By Don George with Ruth Reichl | November 1, 2012

Note: This is a continuation of our “A Conversation with Ruth Reichl.”

Don George: How did you decide where to go on that trip? How did you plan your itinerary?

Ruth Reichl: Well, I was very lucky. I had a Belgian friend who had been living in Bangkok for quite a while. So I wrote him and said, “Zack, I want to come to Thailand. What do I do?” And he said, “You should stay here. You need to go up to Chang Mai and to Phuket.” But also it was partly decided by going to every food magazine (Food and Wine, Cuisine, Bon Appetite) and saying, “Can I write articles?” A lot of it was for the articles that various magazines wanted.

The hardest article was from either Cuisine or Food and Wine: they wanted an article about eating in a Japanese home. Nobody in those days wanted an article on Thailand—it was very hard to sell—which is why I went to Japan. I financed that trip by selling all of these articles on Japan and then doing a bunch of articles on Thailand on spec, because no one was interested in 1982 in Thai food. Not one publication in America. So somebody wanted an article on what it was like to eat in a Japanese home — but I couldn’t get myself invited to a Japanese home.

It’s very hard to do!

It was very difficult. Finally I went to the Japanese national tourist office and said, “You have to help me with this,” and they sent me home with somebody who worked there.

When you go to Thailand, let’s say, are the markets a huge part of your trip wherever you go? Is that a big thing you search for?

Markets are a huge part of my life, wherever I am, so much so that I actually went out to the Hunts Point Market here in New York at three in the morning last week. I had never been out there and I wanted to see what it was like.

Markets are for me the most important part of any trip; I love them. I think you learn so much about a culture from markets. Asian markets tend to be really wonderful. That market in Bangkok is so extraordinary. In the TV show I did, Adventures with Ruth, we always went to markets; it’s where you learn the culture.

It’s like a classroom.

It is like a classroom.

When we talk about markets is there a particular market that immediately pops into your head that you can picture yourself walking through?

There are a lot of them, the Boqueria in Barcelona, which is so spectacular. But probably the most interesting market that I ever went to (other than maybe Tsukiji, the fish market in Tokyo) is the market in Luang Prabang in Laos. That culture eats everything. I saw things in the market that I’ve never seen anywhere else: every part of the water buffalo from the bile—there are bags of bile—to the skin (both with and without the hair).

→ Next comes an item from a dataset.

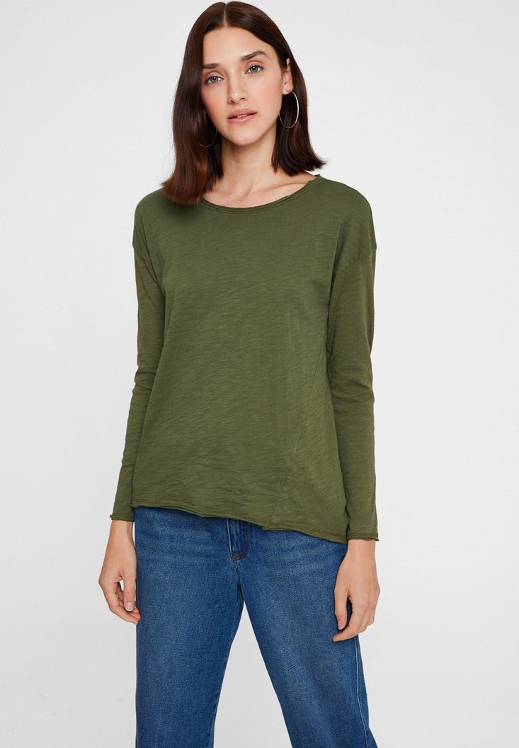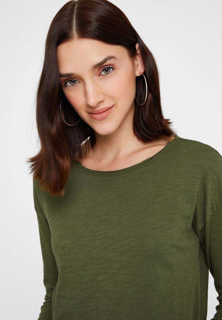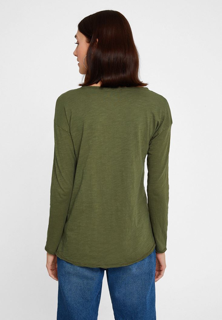 Yeşil Bisiklet Yaka Pamuklu Tişört

Depends on what you’re making?

Everything is eaten, and every kind of insect, spider, bark (tree bark is an important part of one of their national stews). A million different kinds of chilies. It’s a real insight into how wasteful we are. I came back from Laos a different kind of cook. At Gilt Taste, where I’m working now, we did a whole series called Eat Shoots & Leaves which is about carrot peels, corn husks, corn silk, and all of the things that you normally throw out. Because I came back from Laos thinking, “Why do you throw anything out? This is all edible.” In researching this, we got recipes using ginger peels and recipes for broccoli stalks. Why do we routinely throw out the carrot tops? Makes no sense at all. I came back from that trip thinking, “We eat stupidly here.”

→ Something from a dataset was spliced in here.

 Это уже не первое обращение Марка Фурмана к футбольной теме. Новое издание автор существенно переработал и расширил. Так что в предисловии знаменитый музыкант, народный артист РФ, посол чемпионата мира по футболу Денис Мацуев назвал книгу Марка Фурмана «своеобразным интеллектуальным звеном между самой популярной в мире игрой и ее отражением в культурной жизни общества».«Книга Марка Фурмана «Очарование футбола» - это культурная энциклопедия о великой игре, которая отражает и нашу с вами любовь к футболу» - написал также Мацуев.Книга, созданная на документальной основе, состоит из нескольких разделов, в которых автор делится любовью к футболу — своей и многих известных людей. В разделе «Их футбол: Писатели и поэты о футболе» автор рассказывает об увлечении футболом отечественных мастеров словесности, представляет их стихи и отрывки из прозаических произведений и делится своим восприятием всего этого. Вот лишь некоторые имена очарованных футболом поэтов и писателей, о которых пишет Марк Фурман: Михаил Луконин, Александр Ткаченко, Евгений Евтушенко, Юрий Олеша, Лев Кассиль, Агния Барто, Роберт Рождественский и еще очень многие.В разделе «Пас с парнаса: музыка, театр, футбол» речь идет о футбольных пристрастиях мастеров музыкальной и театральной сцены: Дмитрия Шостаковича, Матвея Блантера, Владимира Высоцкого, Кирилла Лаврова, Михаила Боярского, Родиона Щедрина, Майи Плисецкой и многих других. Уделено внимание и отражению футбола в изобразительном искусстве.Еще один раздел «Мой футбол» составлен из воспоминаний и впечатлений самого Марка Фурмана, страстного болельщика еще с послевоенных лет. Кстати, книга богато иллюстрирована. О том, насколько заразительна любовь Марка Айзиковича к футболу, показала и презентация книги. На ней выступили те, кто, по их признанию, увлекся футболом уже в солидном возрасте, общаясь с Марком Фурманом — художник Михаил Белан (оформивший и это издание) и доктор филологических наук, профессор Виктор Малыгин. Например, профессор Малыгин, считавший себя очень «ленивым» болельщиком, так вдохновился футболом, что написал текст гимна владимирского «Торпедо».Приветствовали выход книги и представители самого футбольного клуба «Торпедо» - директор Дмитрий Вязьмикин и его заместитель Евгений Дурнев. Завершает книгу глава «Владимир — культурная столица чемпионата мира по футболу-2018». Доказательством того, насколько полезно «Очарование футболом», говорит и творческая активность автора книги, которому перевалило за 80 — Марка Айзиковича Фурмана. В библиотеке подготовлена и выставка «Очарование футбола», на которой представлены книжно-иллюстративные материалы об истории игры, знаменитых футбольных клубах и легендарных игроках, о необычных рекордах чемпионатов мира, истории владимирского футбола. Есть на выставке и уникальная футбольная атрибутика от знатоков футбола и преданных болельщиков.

In my business we talk about how we eat too high on the food chain and we should be eating what people used to call the trash fish instead of the big fish. We do the same thing with fruits and vegetables; we are remarkably wasteful. One of the things you learn going through the markets in Laos is exactly how wasteful we are.

You don’t strike me that you’re daunted by any of these things. When you saw the hair and the ox hide that was not a problem; you thought, “What could I do with that?”

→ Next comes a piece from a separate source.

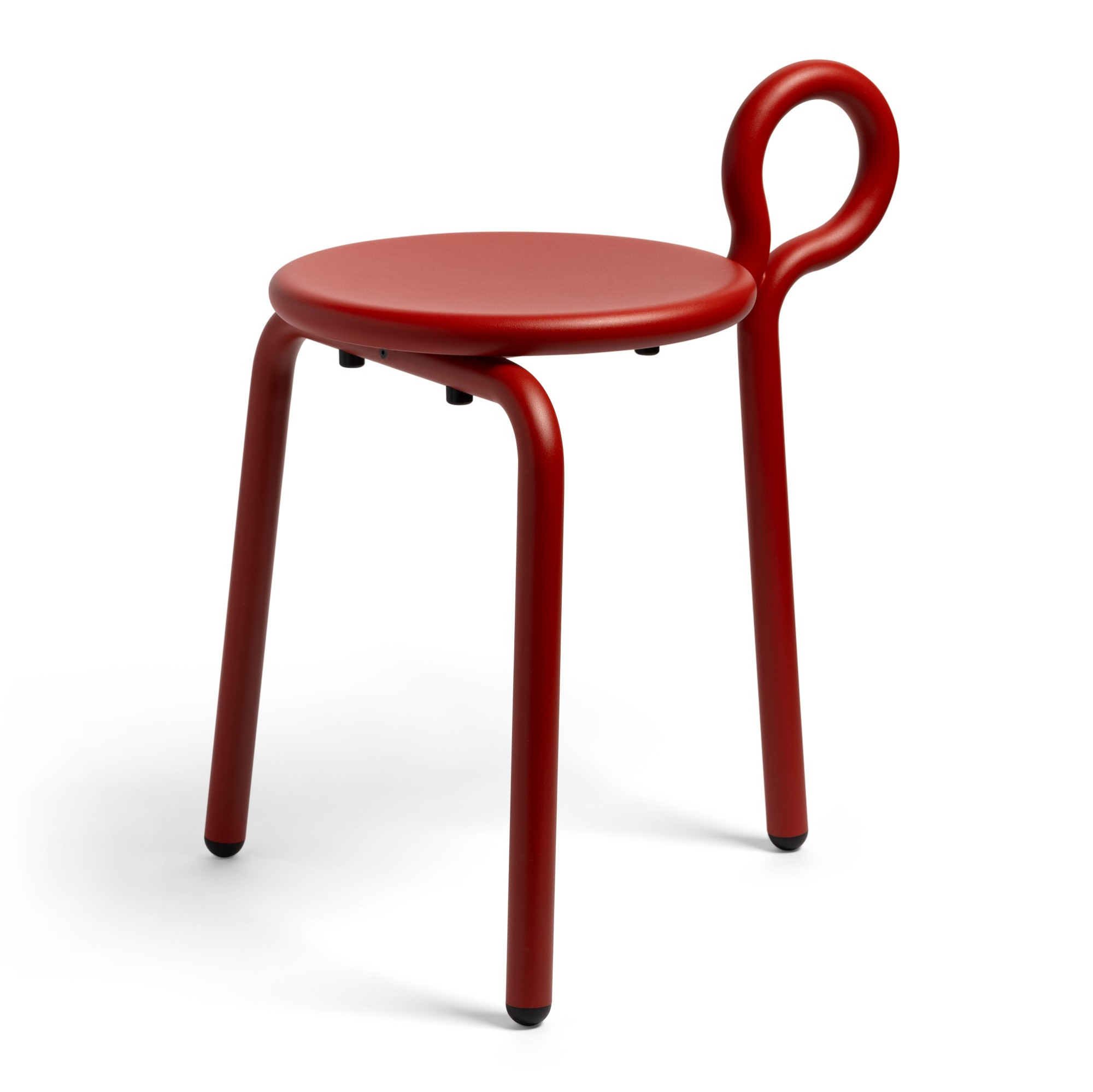 Zaokrąglone linie oraz subtelnie wygięte zakończenia nóg nadają całości spójny, nowoczesny charakter, który doskonale odnajdzie się w aranżacjach loftowych, skandynawskich i minimalistycznych. Czerwone, metalowe wykończenie podkreśla uniwersalność stołka i pozwala łatwo dopasować go do różnych wnętrz – od salonu, przez sypialnię, aż po przedpokój.

One of the things that I think I’ve gotten from traveling so much, and especially when I was little, is that I don’t think I have the kind of disgust mechanism that is built into most American life. One of my favorite articles that I commissioned at Gourmet was when Fuchsia Dunlop, the great Chinese cookbook writer, brought three master Chinese chefs to the United States to do a demonstration at the Culinary Institute of America. And I said, “Will you take them to the French Laundry and Chez Panisse and just see their response?” And they of course thought that the food was ridiculous. First they get raw oysters—the Chinese don’t eat raw food. They looked at salad and thought it was ludicrous. And cheese—why would you eat rotten milk? For me the takeaway from that is: Why is a piece of cheese more acceptable to us than fermented tofu? Why is it not disgusting to eat the leg of a pig? Where do you draw the line? In this TV show I did in Laos one of the things we did was go out and collect ant eggs and make ant egg salad, which in fact, involves eating a lot of ants as well. Unfortunately some of them are alive and they’re biting you as you’re eating them. In Laos we also ate silk worm larvae and tea made out of silk worm droppings. It’s in your mind the idea that it is disgusting.

Have you ever had a food that repelled you or a meal that was just awful?

Oh I have had a lot of meals that were just awful. And a lot of them are here in America actually. My husband is a TV news producer and once he was doing a story somewhere in the Midwest and after two days of having me go “Oh! Ew! Oh!” and pushing away all of this chain food, he looked at me and said, “I am never bringing you to America again!”

What is it that inspires your travels when you leave America?

It can be all kinds of things. The last big trip I took was when Ferran Adrià called me and said, “I’m closing the restaurant; you’ve never been to the Costa Brava, you did the first article about me in the United States and you have to come before we close.” So I gathered a group of friends and said, “Let’s go to El Bulli.” So that inspired that; that trip was so much fun. It was a group of women that went and we decided we would make it a yearly trip, so two weeks from now we are going off to eat in London and in Paris.

Can we all join you?

If you’re willing to up the reservations. Getting these reservations in Paris is so difficult!

Wow. So you’re going to go to Paris and then to London?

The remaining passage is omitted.